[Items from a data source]
☆ ☆ ☆ ☆ ☆ ☆ ☆
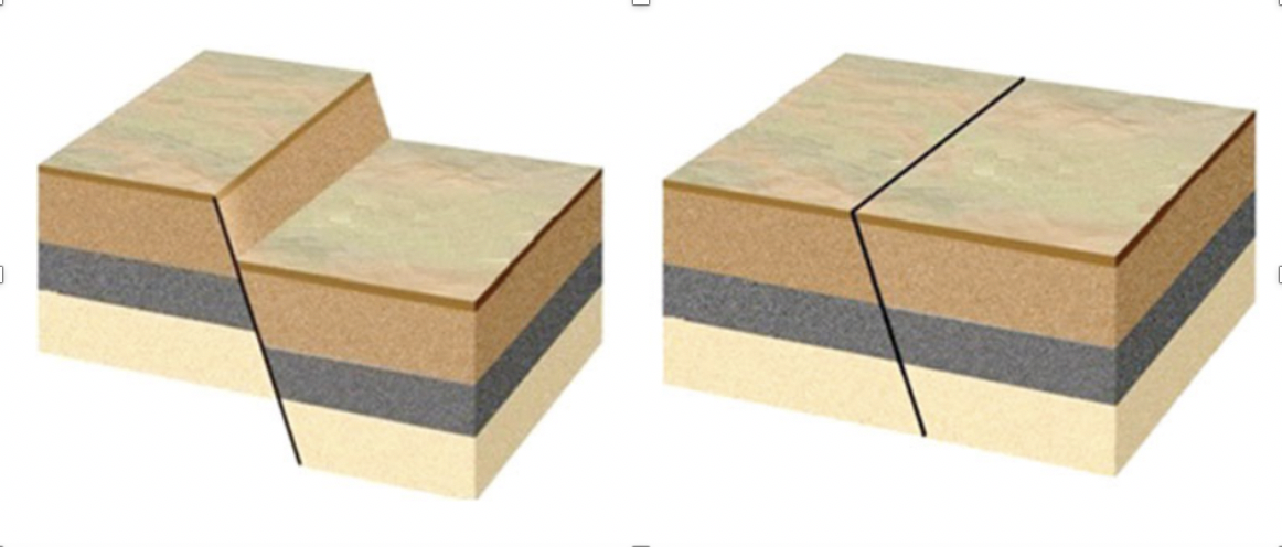 Figure 2. A geological fault (left) and a geological fracture with no fault (right). Students can better understand each spatial concept when they compare the two visuals.
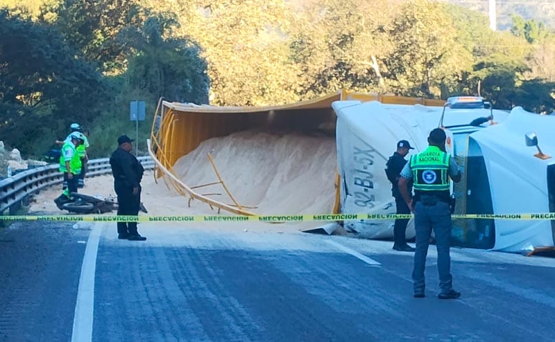 El grano que transportaba el tractocamión en el doble semirremolque quedó esparcido sobre el asfalto y obligó al cierre de la circulación vehicular, pues el tráiler quedó volcado sobre el costado derecho.
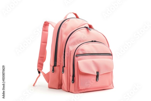 Fototapeta premium Pink Backpack on White Background
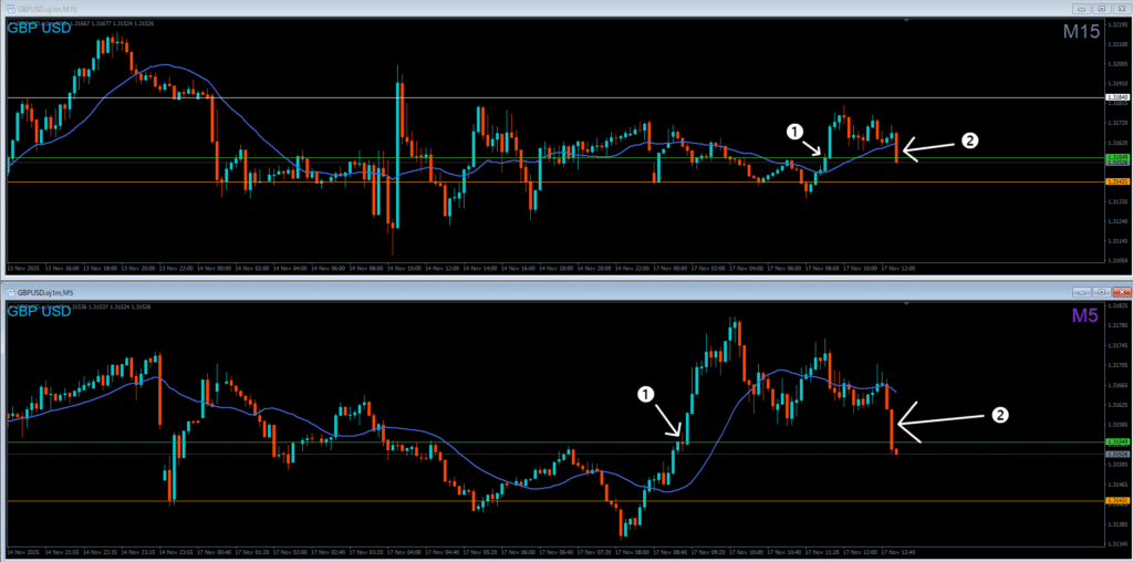 日足全戻しからの4時間1っ波狙いの1時間足戻り売り。
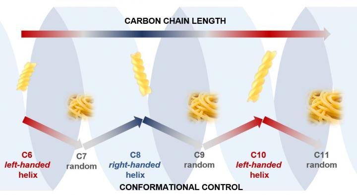 The Bristol team, from the University's School of Chemistry, showed that by judicious insertion of methyl substituents along carbon chains they could control their shape so that they adopted well-defined linear (penne) or helical (fusilli) conformations.
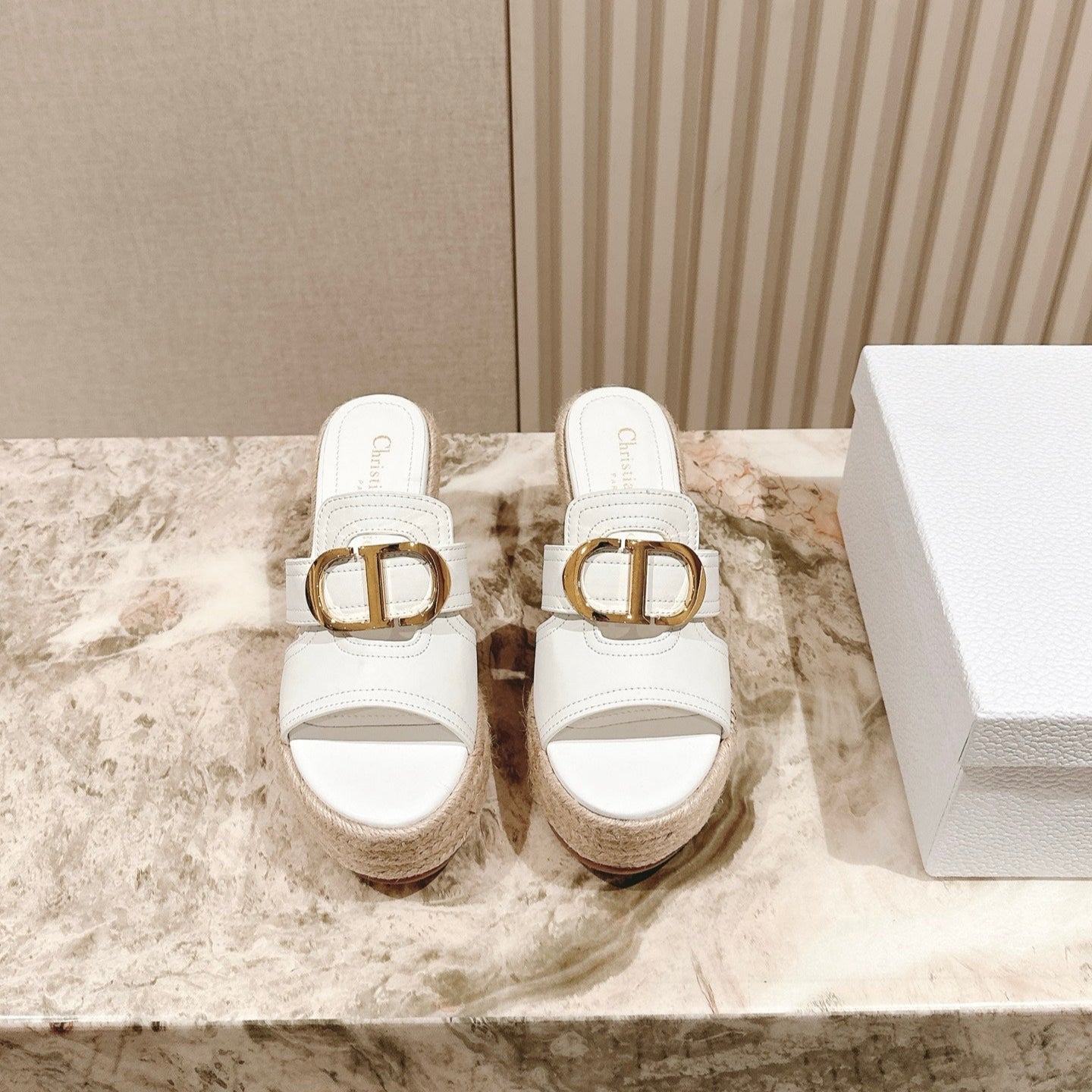 CD D-Club Wedge Sandal 85mm White Calfskin 483080
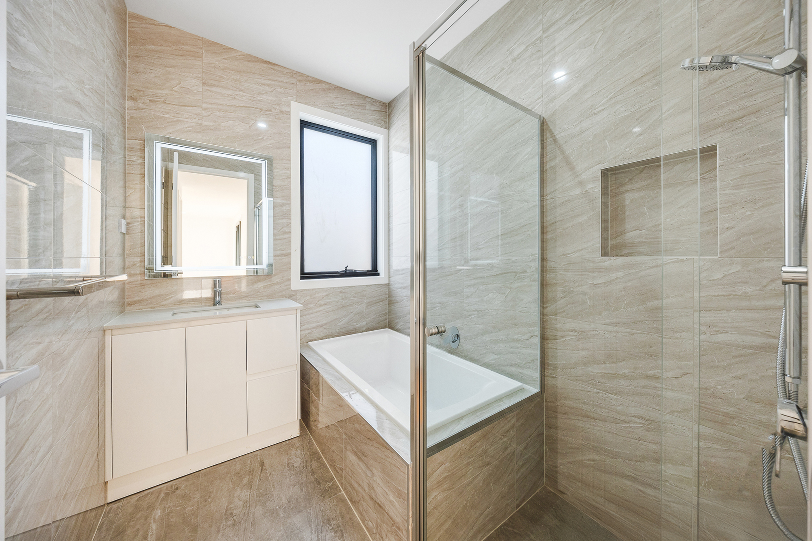 - Stylish main bathroom featuring a deep-set bathtub and a separate shower, plus an extra powder room for guest convenience.
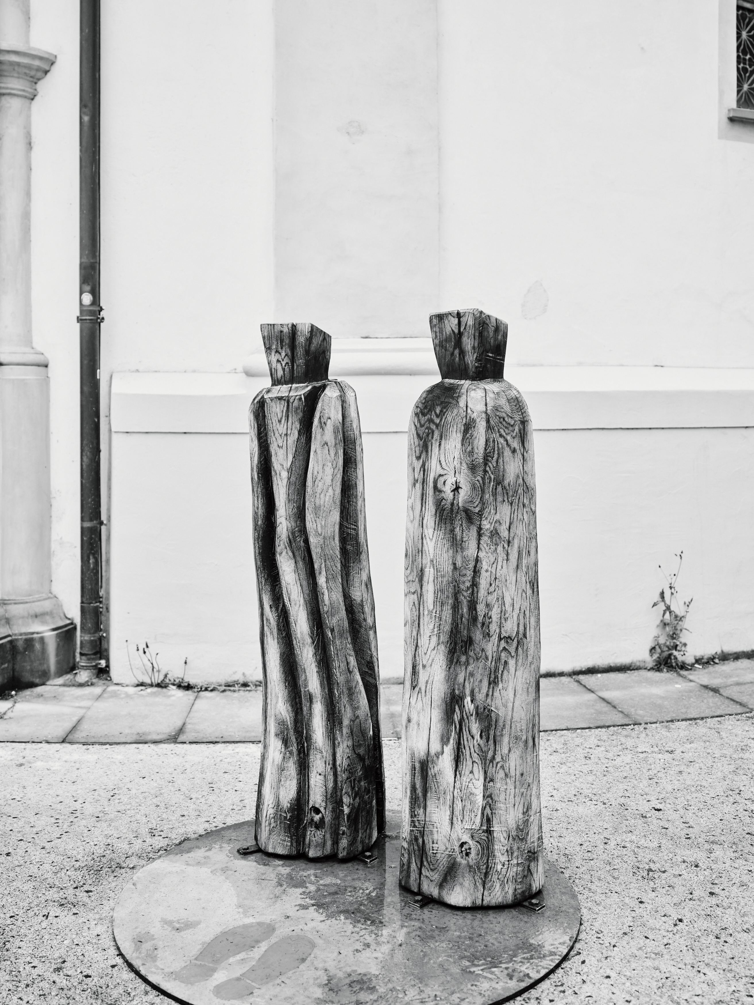 Die beiden Baumstämme wirken wie Menschen. Beide sind geflämmt, wir sehen ihre Maserung, ihren Körperbau.
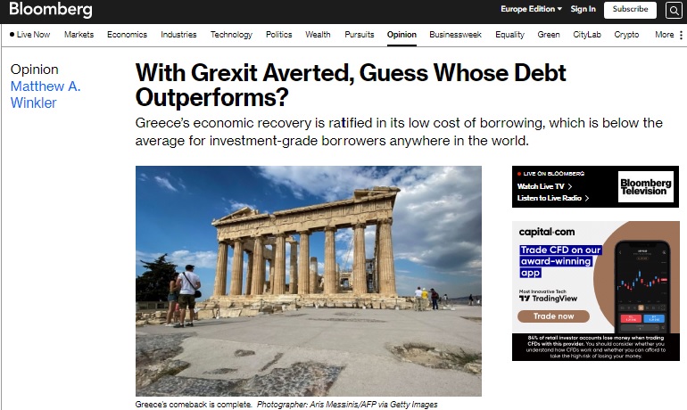 Το Bloomberg, σε άρθρο του συνιδρυτή και αρχισυντάκτη επί τιμή, Μάθιου Γουίνκλερ, επισημαίνει ότι η ανάκαμψη της οικονομίας επικυρώνεται από το χαμηλό κόστος δανεισμού της. «Με την αποτροπή του Grexit, μαντέψτε ποιανού το χρέος υπεραποδίδει; Η οικονομική ανάκαμψη της Ελλάδας επικυρώνεται από το χαμηλό κόστος δανεισμού της, το οποίο είναι κάτω από τον μέσο όρο των δανειοληπτών επενδυτικής βαθμίδας οπουδήποτε στον κόσμο» αναφέρει ο τίτλος του κειμένου στην ιστοσελίδα του Bloomberg –και ίσως η αναφορά στην «επενδυτική βαθμίδα», στρατηγικό εθνικό στόχο της χώρας μας, να μην είναι καθόλου τυχαία.
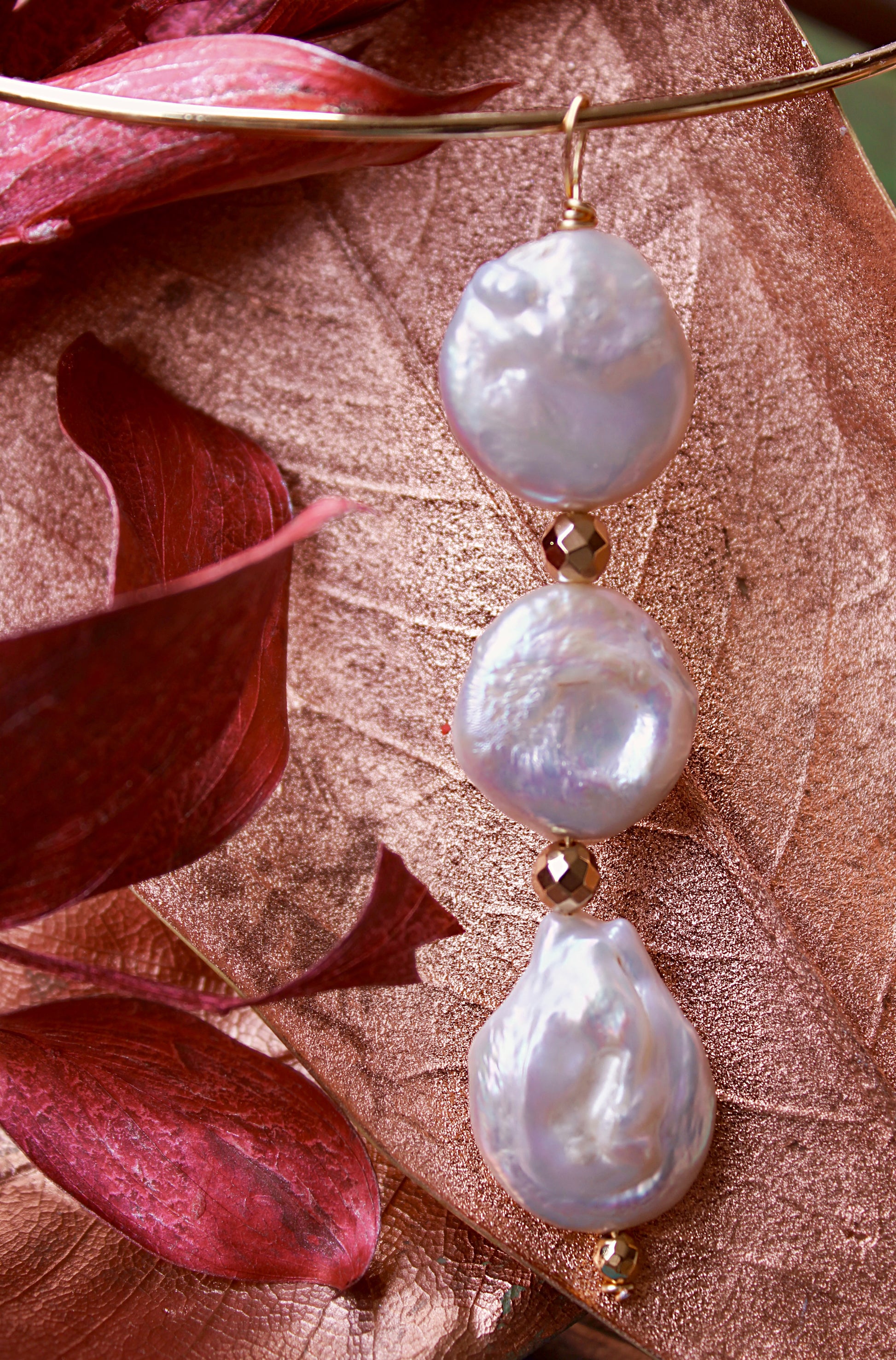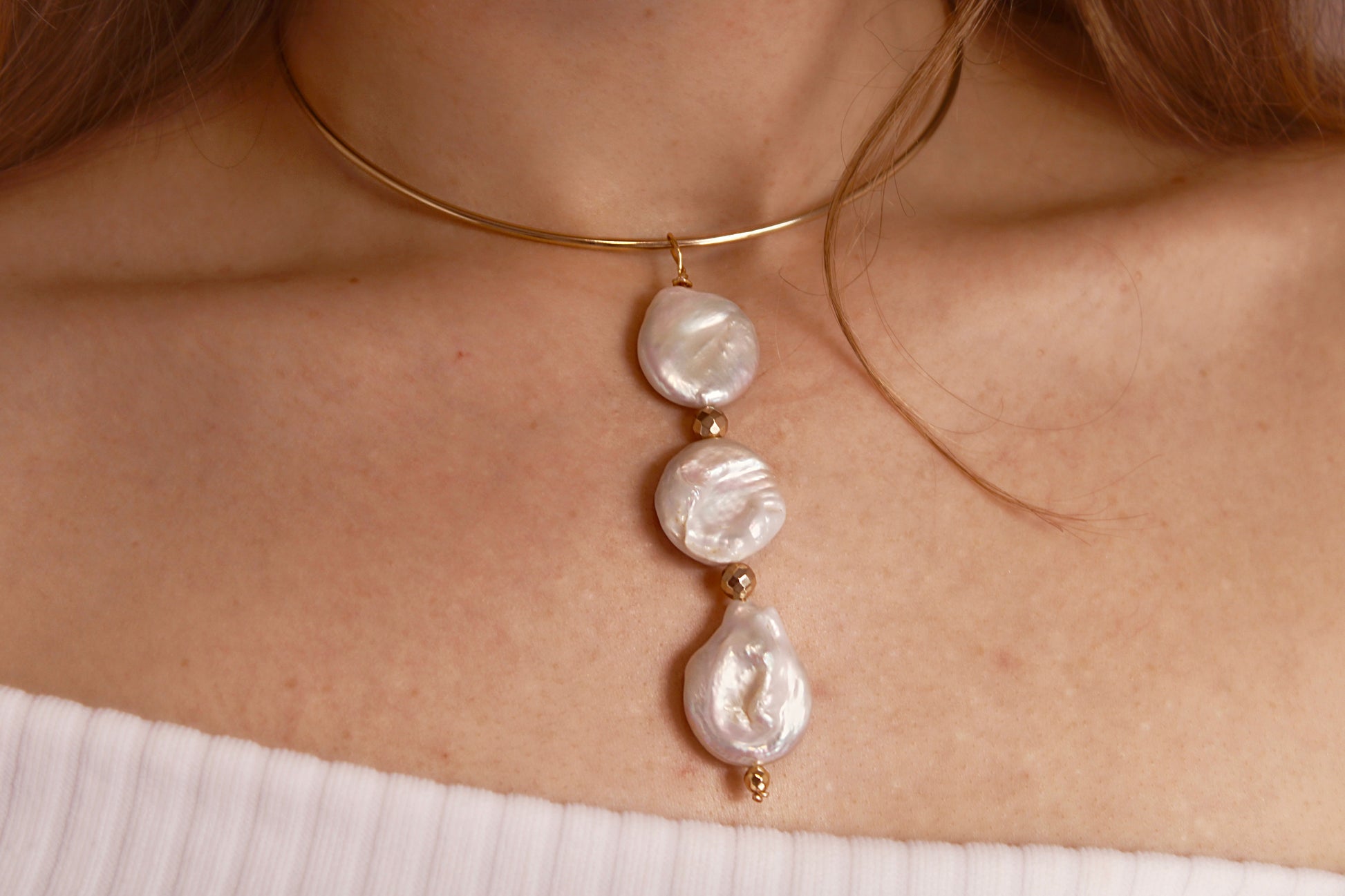 El choker Eclipse está hecho a mano en un proceso artesanal de 2 horas. Cada piedra de agua dulce es cuidadosamente engarzada en alambre, y el enganche de acero inoxidable garantiza su durabilidad y es hipoalergénico, libre de níquel y plomo. No habrá dos piezas iguales.
☆ ☆ ☆ ☆ ☆ ☆ ☆
## Task to carry out
The answer is every line of the data, exactly as written, with the pictures dropped.

## Solution
 Figure 2. A geological fault (left) and a geological fracture with no fault (right). Students can better understand each spatial concept when they compare the two visuals.
 El grano que transportaba el tractocamión en el doble semirremolque quedó esparcido sobre el asfalto y obligó al cierre de la circulación vehicular, pues el tráiler quedó volcado sobre el costado derecho.
 Fototapeta premium Pink Backpack on White Background
 日足全戻しからの4時間1っ波狙いの1時間足戻り売り。
 The Bristol team, from the University's School of Chemistry, showed that by judicious insertion of methyl substituents along carbon chains they could control their shape so that they adopted well-defined linear (penne) or helical (fusilli) conformations.
 CD D-Club Wedge Sandal 85mm White Calfskin 483080
 - Stylish main bathroom featuring a deep-set bathtub and a separate shower, plus an extra powder room for guest convenience.
 Die beiden Baumstämme wirken wie Menschen. Beide sind geflämmt, wir sehen ihre Maserung, ihren Körperbau.
 Το Bloomberg, σε άρθρο του συνιδρυτή και αρχισυντάκτη επί τιμή, Μάθιου Γουίνκλερ, επισημαίνει ότι η ανάκαμψη της οικονομίας επικυρώνεται από το χαμηλό κόστος δανεισμού της. «Με την αποτροπή του Grexit, μαντέψτε ποιανού το χρέος υπεραποδίδει; Η οικονομική ανάκαμψη της Ελλάδας επικυρώνεται από το χαμηλό κόστος δανεισμού της, το οποίο είναι κάτω από τον μέσο όρο των δανειοληπτών επενδυτικής βαθμίδας οπουδήποτε στον κόσμο» αναφέρει ο τίτλος του κειμένου στην ιστοσελίδα του Bloomberg –και ίσως η αναφορά στην «επενδυτική βαθμίδα», στρατηγικό εθνικό στόχο της χώρας μας, να μην είναι καθόλου τυχαία.
 El choker Eclipse está hecho a mano en un proceso artesanal de 2 horas. Cada piedra de agua dulce es cuidadosamente engarzada en alambre, y el enganche de acero inoxidable garantiza su durabilidad y es hipoalergénico, libre de níquel y plomo. No habrá dos piezas iguales.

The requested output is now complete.